== Recorded data

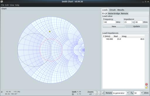 Once you're done, you can save your work in a few different ways. Under the File menu item, you can select to save either circuit details or load details as a separate file. Each of these sub-menus allows you to save data or load previous data. You also can import data from CSV files and s2p files. To save the final results, you can print the resultant Smith chart either by pressing Ctrl-P or by selecting the File→Print menu item. This way, you can save the chart to a PDF file. Hopefully, linsmith will be a useful tool for electrical engineers to add to their toolboxes.
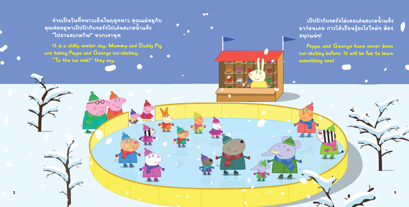 เป๊ปป้าและครอบครัวของเธอกำลังจะไปเล่นสเกตน้ำแข็งด้วยกัน! แต่ติดปัญหาเดียวคือ... เป๊ปป้ายังเล่นสเกตน้ำแข็งไม่เป็นเลย! เป๊ปป้าจะหาจังหวะของตัวเอง แล้วสนุกไปกับทุกคนได้หรือไม่? มาติดตามเรื่องราวที่แสนสนุกกันเลย ในนิทานสองภาษา (ไทย-อังกฤษ) พร้อมภาพประกอบสุดน่ารัก หนังสือเล่มนี้ช่วยส่งเสริม IQ ความฉลาดทางสติปัญญา ส่งเสริม EQ ความฉลาดทางอารมณ์ และส่งเสริม CQ ความฉลาด ในการริเริ่มสร้างสรรค์
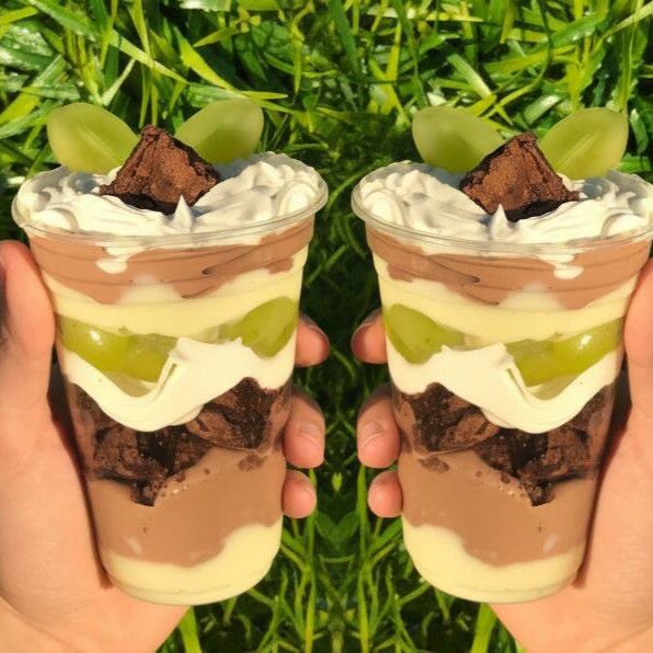 1 Copo de Uva Cremousse, com creme de Ninho, Mousse de Ninho, Mousse de Chocolate, Uvas docinhas pedaços de Brownie.

====

An exact copy of all the data above is required; omit any pictures.

◆ The completed task
 Once you're done, you can save your work in a few different ways. Under the File menu item, you can select to save either circuit details or load details as a separate file. Each of these sub-menus allows you to save data or load previous data. You also can import data from CSV files and s2p files. To save the final results, you can print the resultant Smith chart either by pressing Ctrl-P or by selecting the File→Print menu item. This way, you can save the chart to a PDF file. Hopefully, linsmith will be a useful tool for electrical engineers to add to their toolboxes.
 เป๊ปป้าและครอบครัวของเธอกำลังจะไปเล่นสเกตน้ำแข็งด้วยกัน! แต่ติดปัญหาเดียวคือ... เป๊ปป้ายังเล่นสเกตน้ำแข็งไม่เป็นเลย! เป๊ปป้าจะหาจังหวะของตัวเอง แล้วสนุกไปกับทุกคนได้หรือไม่? มาติดตามเรื่องราวที่แสนสนุกกันเลย ในนิทานสองภาษา (ไทย-อังกฤษ) พร้อมภาพประกอบสุดน่ารัก หนังสือเล่มนี้ช่วยส่งเสริม IQ ความฉลาดทางสติปัญญา ส่งเสริม EQ ความฉลาดทางอารมณ์ และส่งเสริม CQ ความฉลาด ในการริเริ่มสร้างสรรค์
 1 Copo de Uva Cremousse, com creme de Ninho, Mousse de Ninho, Mousse de Chocolate, Uvas docinhas pedaços de Brownie.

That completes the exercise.